**WORK TO BE COMPLETED**
All lines from the one with "Мийте клітку кроликаЯк" to the end of the entries below must be written out exactly. Leave out any other line.

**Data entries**
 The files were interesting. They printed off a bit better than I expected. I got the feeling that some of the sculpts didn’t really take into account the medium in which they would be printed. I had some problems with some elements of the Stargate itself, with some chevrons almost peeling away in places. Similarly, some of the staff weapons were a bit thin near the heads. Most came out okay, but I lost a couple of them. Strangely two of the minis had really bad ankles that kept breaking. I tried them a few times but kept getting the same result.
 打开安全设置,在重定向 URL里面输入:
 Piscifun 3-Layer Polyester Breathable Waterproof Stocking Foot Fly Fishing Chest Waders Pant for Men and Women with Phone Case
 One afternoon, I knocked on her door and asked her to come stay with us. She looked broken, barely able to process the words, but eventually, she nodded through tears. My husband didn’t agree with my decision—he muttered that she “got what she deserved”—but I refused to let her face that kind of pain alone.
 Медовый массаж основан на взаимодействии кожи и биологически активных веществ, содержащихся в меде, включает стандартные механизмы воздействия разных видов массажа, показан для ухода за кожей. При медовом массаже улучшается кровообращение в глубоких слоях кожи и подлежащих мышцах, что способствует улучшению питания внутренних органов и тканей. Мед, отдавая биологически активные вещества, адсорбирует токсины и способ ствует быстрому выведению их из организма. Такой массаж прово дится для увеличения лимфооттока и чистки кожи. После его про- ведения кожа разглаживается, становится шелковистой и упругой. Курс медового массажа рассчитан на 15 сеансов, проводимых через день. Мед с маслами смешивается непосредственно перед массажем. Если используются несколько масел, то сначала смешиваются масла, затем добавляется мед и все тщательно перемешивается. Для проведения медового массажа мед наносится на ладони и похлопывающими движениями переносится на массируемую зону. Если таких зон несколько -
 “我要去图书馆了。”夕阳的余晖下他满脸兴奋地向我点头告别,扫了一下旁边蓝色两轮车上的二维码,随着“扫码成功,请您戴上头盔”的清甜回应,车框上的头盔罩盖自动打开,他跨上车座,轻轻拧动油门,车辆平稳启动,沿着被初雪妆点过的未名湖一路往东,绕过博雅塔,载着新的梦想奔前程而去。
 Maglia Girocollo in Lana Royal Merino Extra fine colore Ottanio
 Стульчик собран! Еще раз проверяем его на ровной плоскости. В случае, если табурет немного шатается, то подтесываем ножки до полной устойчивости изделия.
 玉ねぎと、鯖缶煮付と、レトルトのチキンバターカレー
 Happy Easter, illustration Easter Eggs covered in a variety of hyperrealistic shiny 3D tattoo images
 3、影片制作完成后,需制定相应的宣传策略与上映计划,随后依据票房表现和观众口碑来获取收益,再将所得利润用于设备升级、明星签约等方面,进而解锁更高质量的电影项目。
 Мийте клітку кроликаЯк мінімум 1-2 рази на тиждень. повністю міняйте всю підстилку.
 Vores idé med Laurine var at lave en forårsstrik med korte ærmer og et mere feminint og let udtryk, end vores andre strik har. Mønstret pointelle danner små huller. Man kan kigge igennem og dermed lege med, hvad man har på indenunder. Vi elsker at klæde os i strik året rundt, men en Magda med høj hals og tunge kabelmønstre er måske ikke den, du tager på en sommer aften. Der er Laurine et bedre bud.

**COMPLETED TASK**
 Мийте клітку кроликаЯк мінімум 1-2 рази на тиждень. повністю міняйте всю підстилку.
 Vores idé med Laurine var at lave en forårsstrik med korte ærmer og et mere feminint og let udtryk, end vores andre strik har. Mønstret pointelle danner små huller. Man kan kigge igennem og dermed lege med, hvad man har på indenunder. Vi elsker at klæde os i strik året rundt, men en Magda med høj hals og tunge kabelmønstre er måske ikke den, du tager på en sommer aften. Der er Laurine et bedre bud.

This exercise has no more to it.